Begin with the line holding "高卫松首先介绍了党建导师设置" and end with the last line of the records below. Set down exactly those lines and leave out every picture.
START GIVEN INFORMATION
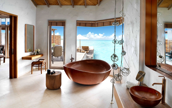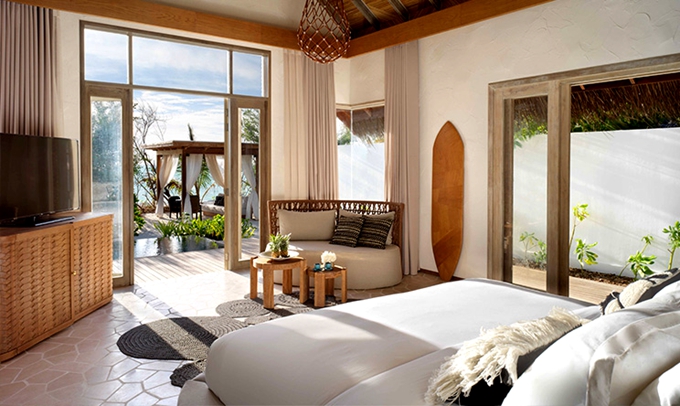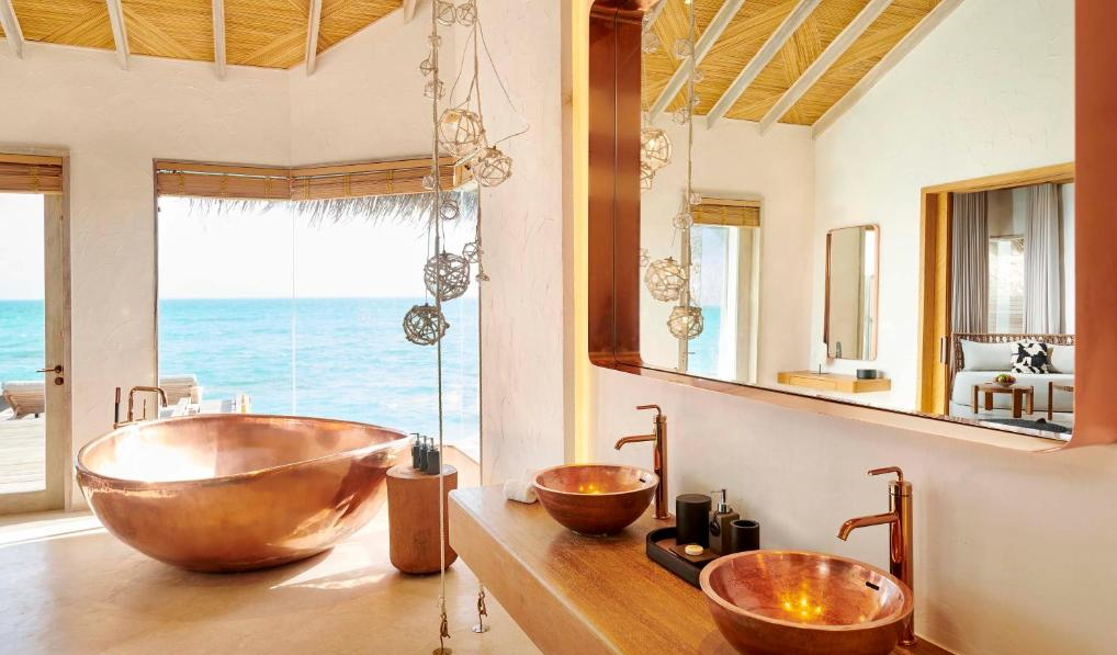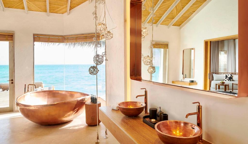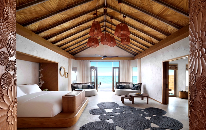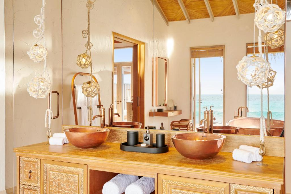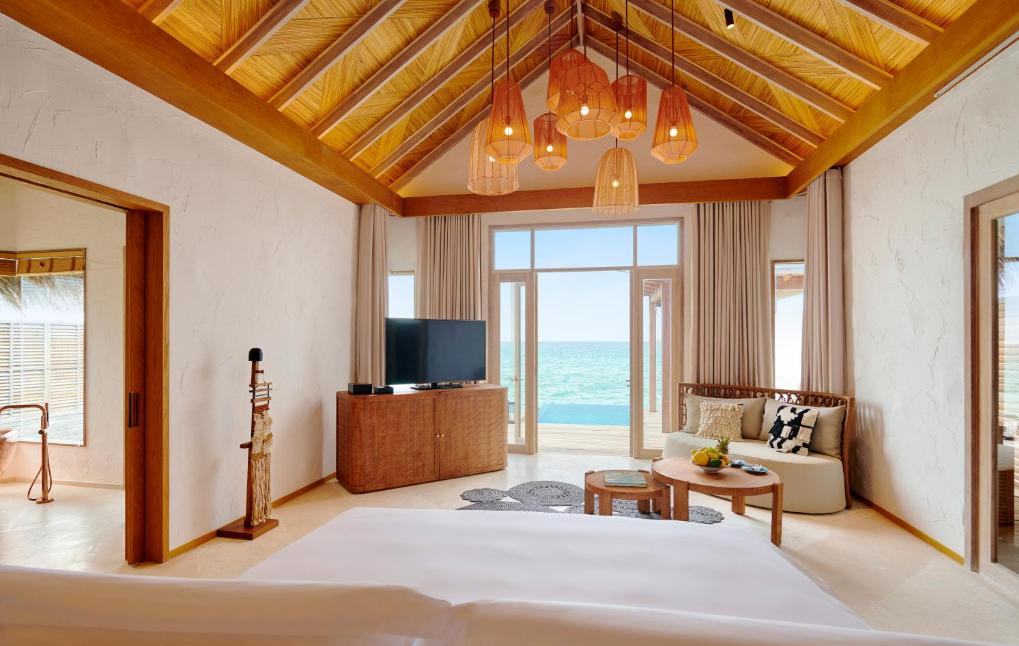 三卧室日落水上别墅是您和家人的隐世之所,采用优雅的乡村风格设计,是一套马尔代夫风格的住所,躺在超大的浴缸中听着潺潺的水声放松,设有私人甲板,私人大厅,73平方米的泳池,浴室设有独立淋浴间,双水槽,Nespresso咖啡机,酒柜,Bose音响系统,加州特大号床,夜晚户外可以欣赏无尽的蓝色和繁星。如果你有什么需要就叫你私人管家,每天24小时待命或骑着自行车巡游度假村。
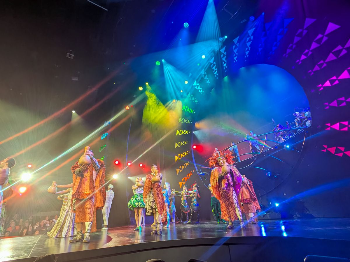 とにかく感激しました!舞台は思っていたより小さくて観客との距離が近いのと席の間を演者の人たちがすごい通るので後の席でも十分楽しめる感じです!私は一番前の席にしましたが隣の席に演者の人が座ったり舞台の布が足に触れたりと臨場感がすごかったです!サーカスというか身体能力がすごくないと出来ないミュージカルという感じでしょうか。演技演出歌音楽肉体美…盛りだくさん!かなりお勧めです!ほんとに行って良かったです!
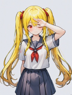 可爱的黄头发,红眼睛双马尾女孩,用手遮住一只眼睛,头发遮住手,睁开眼睛,飘逸的长发
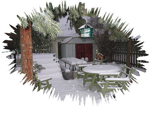 HERE WE GO (AGAIN)!!: This was taken out the backdoor of our home at 8:25 this morning (1-22-005). It wasn't too bad at 6:30, but the snow began to pick up speed as the hours passed. Those in milder climes will appreciate this. I doubt that our Michigan and Minnesota "Viewers" find this weather unusual. But, thus far, this year the weather in Vermilion has truly been wintry.
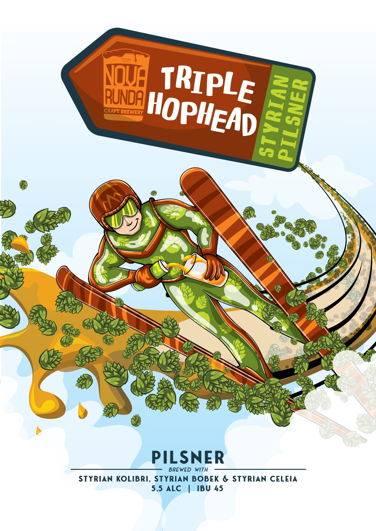 Samo Kolibri, Bobek i Celeia hmeljevi su u ovom Pilsneru što čini onaj "Slovenski" dio u pivskom stilu. Stvoren za sve fanove originalnih Pilsnera s malim zaokretom, ali i za sve fanove skijaških skokova što može potvrditi drug Primož na etiketi letom preko Triglava.
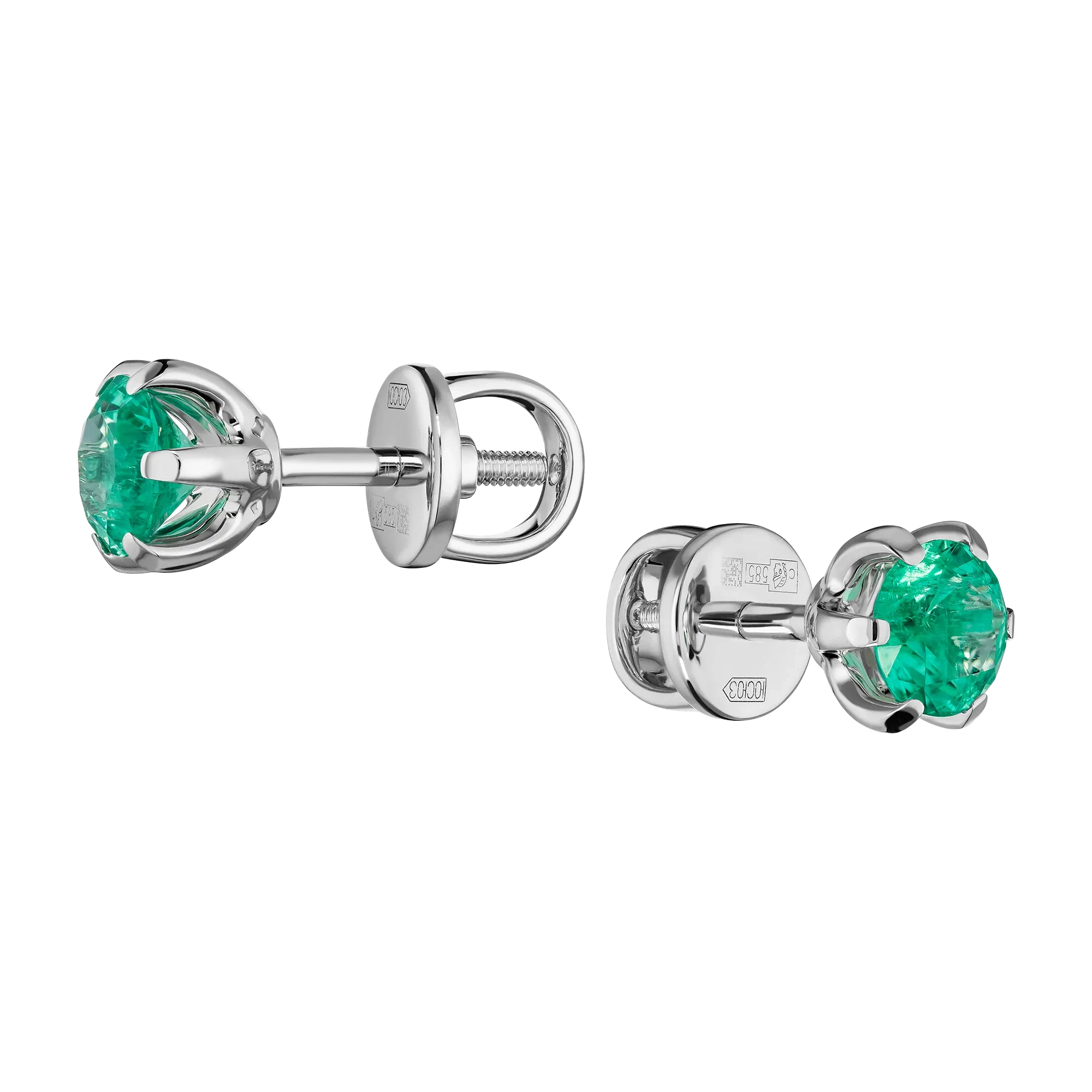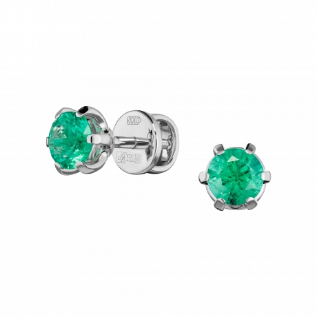Белое золото оправы подчёркивает кристальную чистоту изумрудов, создавая тонкий контраст между прохладой металла и теплом природного света, рождающегося в камнях. Серьги идеально балансируют между повседневной сдержанностью и торжественной выразительностью.
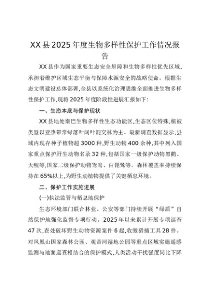 / 【七哥公文】2025年:XX县2025年度生物多样性保护工作情况报告+更多免费公文+VX:QiGeGongWen2024
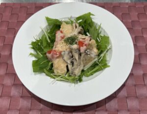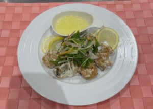 揚げてマヨネーズを和えているので重くなりがちなことろですが、爽やかなレモンソースをかけることによって味変大成功!
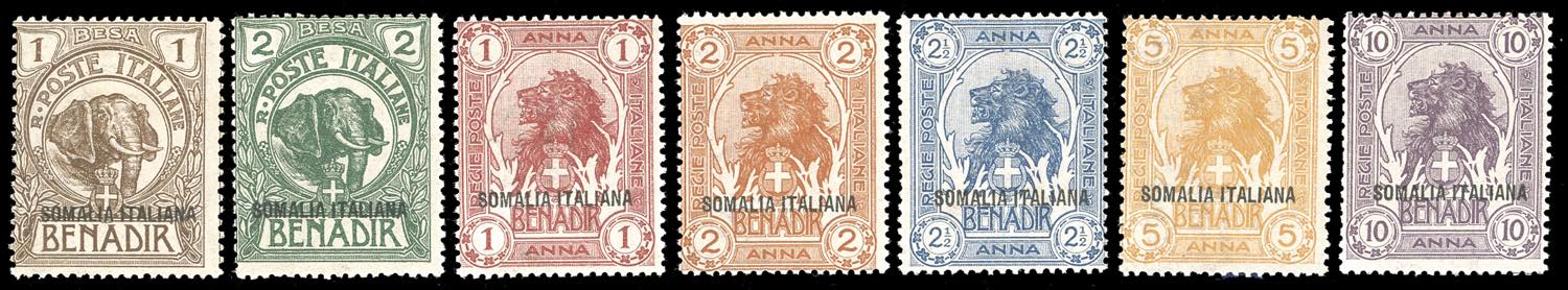 1921 - Elefanti e Leoni, non emessi, soprastampati, serie completa (23A/23G), nuovi, gomma originale integra, perfetti. Bellissimi e molto rari. Firmati Enzo e Alberto Diena, cert. Ferrario e Bolaffi finanziario 100%.
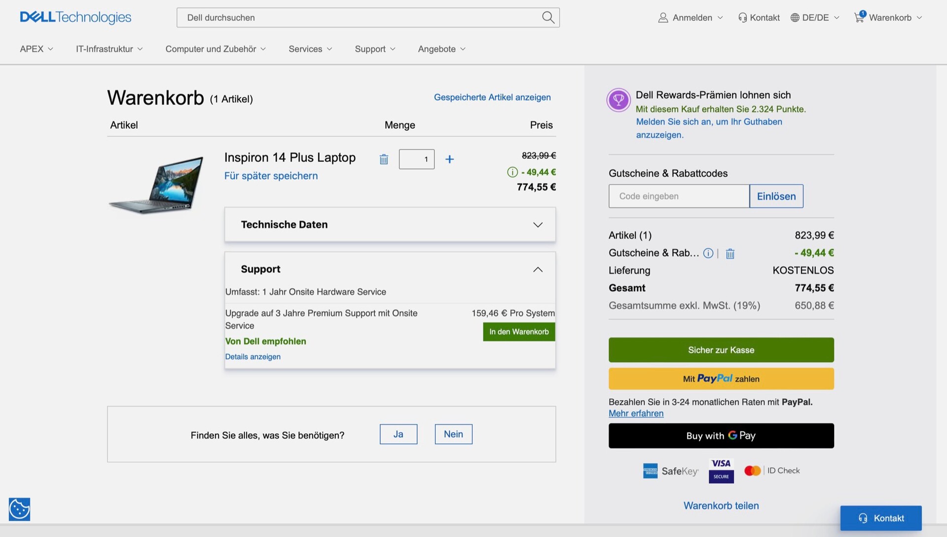 Das Dell Inspiron 14 Plus kann derzeit direkt bei Dell für nur 774,55 Euro bestellt werden, solange der Gutscheincode "6InspXSavingsUnited" im Warenkorb angegeben wird. Im Preisvergleich ist das Inspiron 14 Plus nicht unter 1.196 Euro zu finden, allerdings ist am freien Markt nur das Modell mit GeForce RTX 3050 Laptop-GPU erhältlich, während sich das Modell im Angebot mit der Intel Iris Xe Graphics G7 begnügen muss.
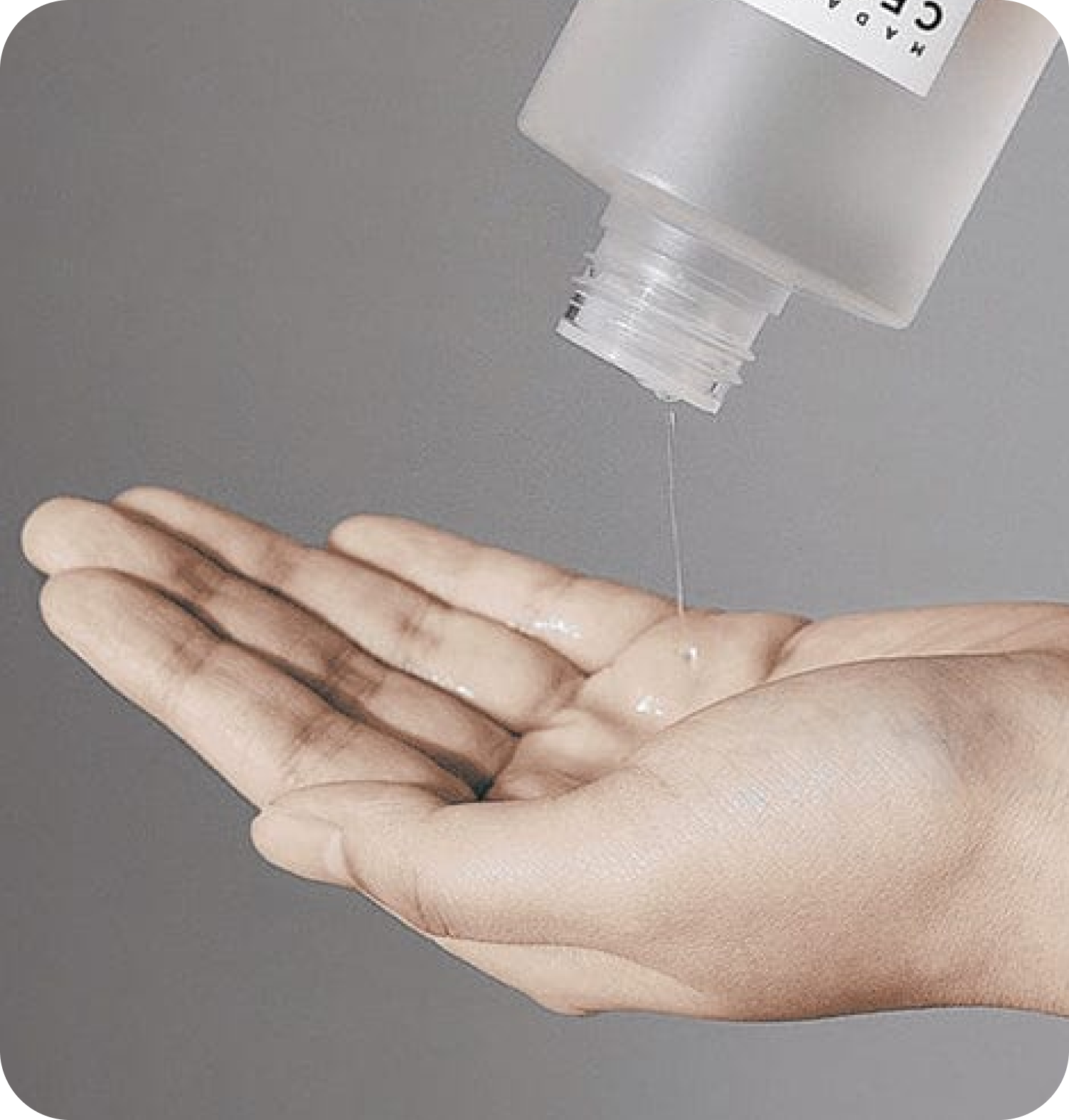 Aplica una cantidad adecuada en un disco de algodón o directamente en la palma de la mano y da suaves toques sobre la piel.
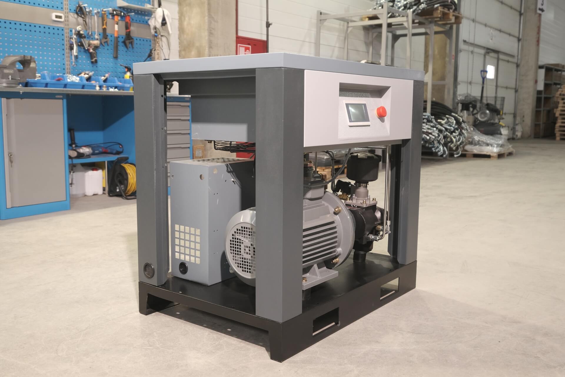 Частотный преобразователь Folinn обеспечивает плавный запуск и остановку компрессора, снижает пусковые токи двигателя и защищает устройство от перегрузок, короткого замыкания или потери фазы.
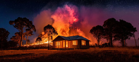 A Dramatic House Consumed by Wildfire Surrounded by Tall Trees Under a Starry Night Sky
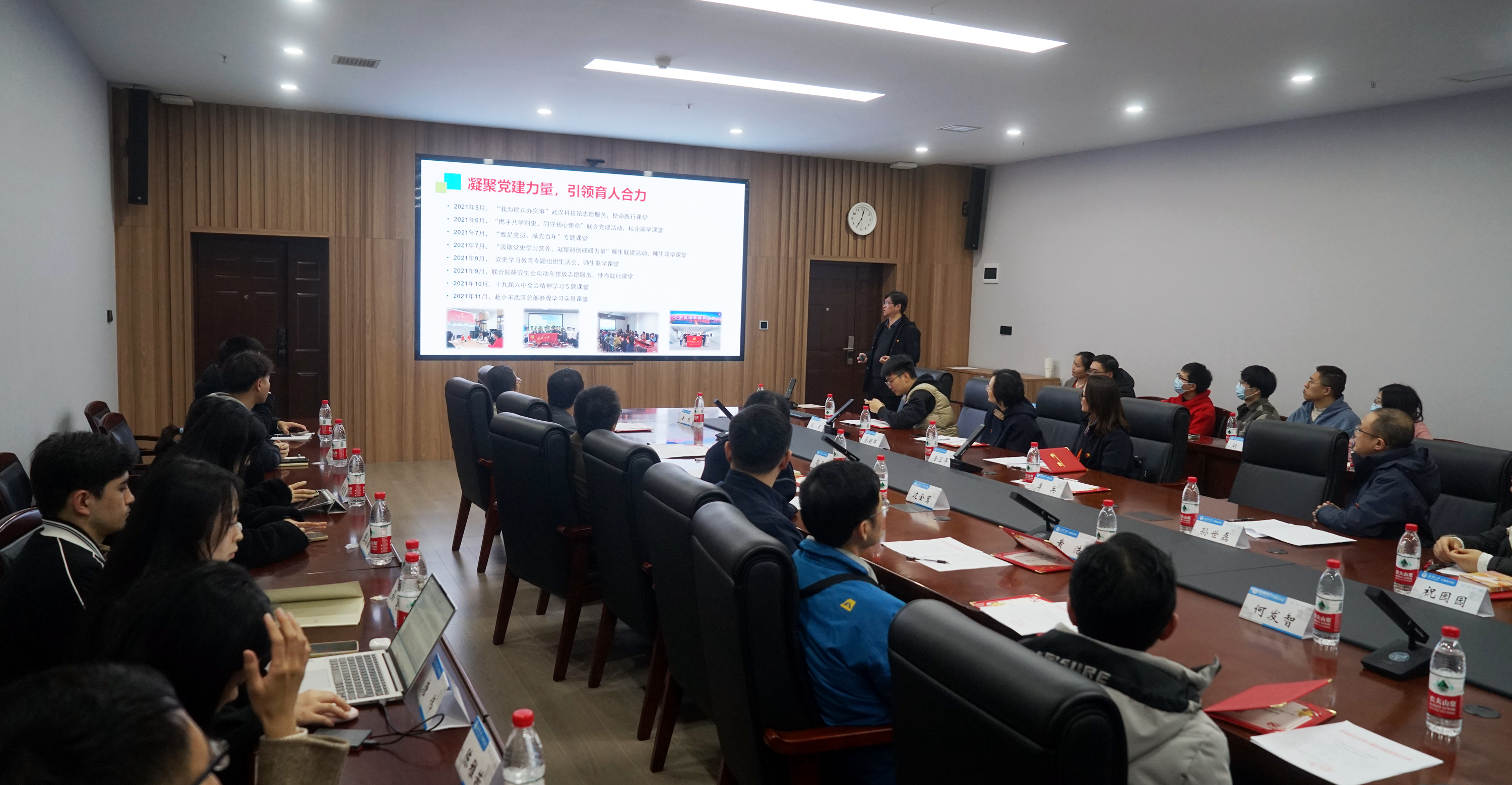 高卫松首先介绍了党建导师设置情况、以及各研究生党支部构成情况。高卫松表示学院经过调研座谈,为每个研究生党支部选聘1名具有一定政治理论水平、学术水平及学生工作基础的党建导师,旨在以师生共建推进支部建设,以师生共建推进人才培养。这一举措是学院在研究生党支部建设中的创新探索,也是牢牢把握立德树人根本任务、聚焦党支部建设、培育时代新人的具体工作实践。
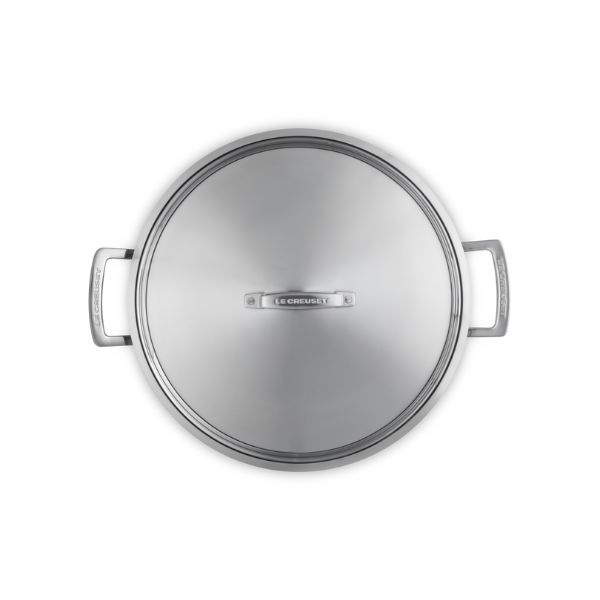 - Construction: 3-ply multi-layering of premium-grade stainless steel and aluminum for fast, even heat distribution
END GIVEN INFORMATION
FINISHED TASK ::
 高卫松首先介绍了党建导师设置情况、以及各研究生党支部构成情况。高卫松表示学院经过调研座谈,为每个研究生党支部选聘1名具有一定政治理论水平、学术水平及学生工作基础的党建导师,旨在以师生共建推进支部建设,以师生共建推进人才培养。这一举措是学院在研究生党支部建设中的创新探索,也是牢牢把握立德树人根本任务、聚焦党支部建设、培育时代新人的具体工作实践。
 - Construction: 3-ply multi-layering of premium-grade stainless steel and aluminum for fast, even heat distribution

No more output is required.